I need the number of lines in the data that contain the word "cheatgrass", and nothing beyond it.

____ Excerpted data

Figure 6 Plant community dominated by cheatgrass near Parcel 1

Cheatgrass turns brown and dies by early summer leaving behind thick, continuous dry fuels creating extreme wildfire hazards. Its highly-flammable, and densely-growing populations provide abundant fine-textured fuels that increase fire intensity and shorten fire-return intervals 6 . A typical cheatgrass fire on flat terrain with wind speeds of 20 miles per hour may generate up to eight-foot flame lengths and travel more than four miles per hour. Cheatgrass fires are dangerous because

________
____ Excerpted data

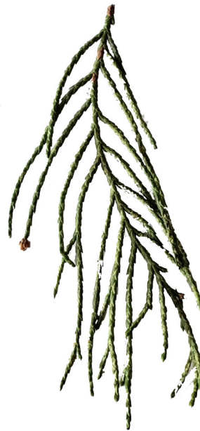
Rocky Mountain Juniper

________

**Problem solution**
2